De guiñoles, hogueras y pájaros

'La represión contra las minorías en la Cuba revolucionaria ha durado largo tiempo. En cualquier caso, el tiempo que es capaz de soportar una vida humana.'

Barcelona

En aquel frenético y contradictorio 1968, yo cumplí catorce años. En Cuba nadie salió a la calle, nadie demandó que, en nombre del realismo, se buscara lo imposible. Algunos jóvenes se reunieron en los alrededores el hotel Capri. Otros, tocaron guitarra en los días larguísimos y maravillosos de los muelles de la Playa de Marianao. Cantábamos: If you’re going to San Francisco, be sure to wear some flowers in your hair… Se hablaba, por lo bajo, de Joan Baez, de Bob Dylan. Muchos leían a escondidas la edición argentina de Las puertas de la percepción, de Aldous Huxley. Nada más. O poco más, que yo recuerde.

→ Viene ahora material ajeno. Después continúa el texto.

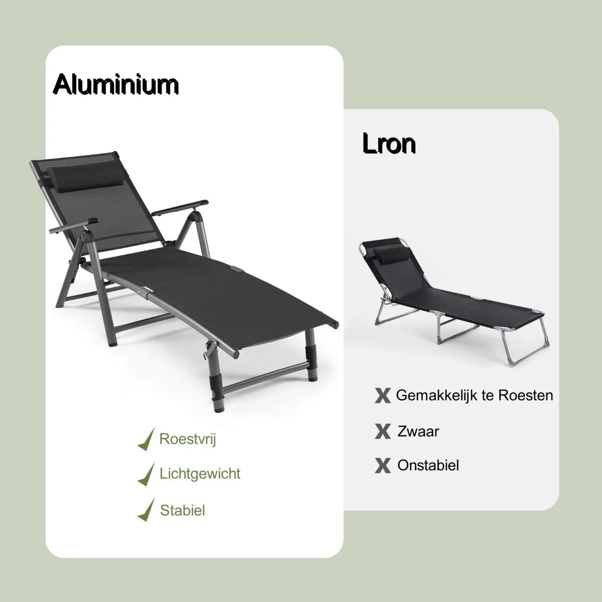 Tijd om te ontspannen na een drukke dag door te gaan liggen op deze aluminium ligstoel voor buiten! Of u nu wilt lezen, zonnebaden of gewoon een dutje wilt doen, onze ligstoel voor buiten is een uitstekende keuze dankzij de 8 verstelbare rug- en 2 pootstanden. In vergelijking met andere soortgelijke producten die zwaar, onstabiel en niet roestbestendig zijn, zal deze terrasligstoel deze problemen nooit hebben omdat hij gemaakt is van een hoogwaardig aluminium frame. Wat de gebruikerservaring betreft, bedekt het ademende en sneldrogende materiaal de hele zitting voor ultiem comfort. En het verstelbare kussen kan uw hoofd of lendenwervelkolom ondersteunen volgens uw voorkeur. Je kunt het ook verwijderen. Wanneer u deze ligstoel voor buiten niet nodig hebt, kunt u hem eenvoudig inklappen en opbergen.

Como es habitual en Cuba, los sucesos tuvieron un matiz diferente, avanzaron por otros rumbos: nada de revueltas y reivindicaciones morales. Aunque por fortuna tampoco hubo matanzas como la de Tlatelolco. El mundo por un lado; según su costumbre, la Isla por el otro. Hacía algún tiempo que la Isla había comenzado su lento, doloroso y extemporáneo proceso de inmovilidad.

Y sin embargo conservo importantes recuerdos de aquel año, al fin y al cabo yo estaba comenzando a vivir y todo lo nuevo alcanzaba condición de epifanía. Uno de esos descubrimientos tuvo que ver con una función en la pequeña sala del Guiñol Nacional. Entonces no sabía ―no podía saber―, que era el privilegiado testigo de una histórica puesta en escena; un Don Juan de Zorrilla, creación de muñecos para adultos, debido al talento de la gran titiritera cubana Carucha Camejo.

Con los años, el recuerdo de aquel Don Juan se ha ido convirtiendo en referente inevitable, en hito luminoso del teatro cubano. Ignoraba asimismo que no solo sería su impresionante calidad artística lo que terminaría convirtiendo en mito aquel Don Juan, a transformarlo en el suceso memorable que es hoy también contribuyó su involuntario carácter efímero. El que se hubiera intentado borrar para siempre de la historia de nuestro teatro.

Hasta mucho después no supe cuánto de oscuro estaba teniendo lugar en la historia secreta de Cuba. Años después supe, por ejemplo, que aquellos títeres maravillosos (no solo los del Don Juan, sino todos los que conformaban el repertorio del Guiñol) habían sido arrojados a una hoguera. Ni siquiera la palabra "hoguera", con sus connotaciones purificadoras, parece ahora la apropiada. Fue más bien una pira innoble, sin pretensiones litúrgicas, que nada conservaba de rituales inquisitoriales. Se trató de un fuego escondido, baladí, rutinario. Excelente paradigma (en dimensión pequeñísima y mezquina) de lo que Hannah Arendt llamó la "banalización del mal". Sin parafernalia, sin ostentaciones, sin ínfulas ejemplarizantes, ardieron decorados, diseños, textos, muñecos.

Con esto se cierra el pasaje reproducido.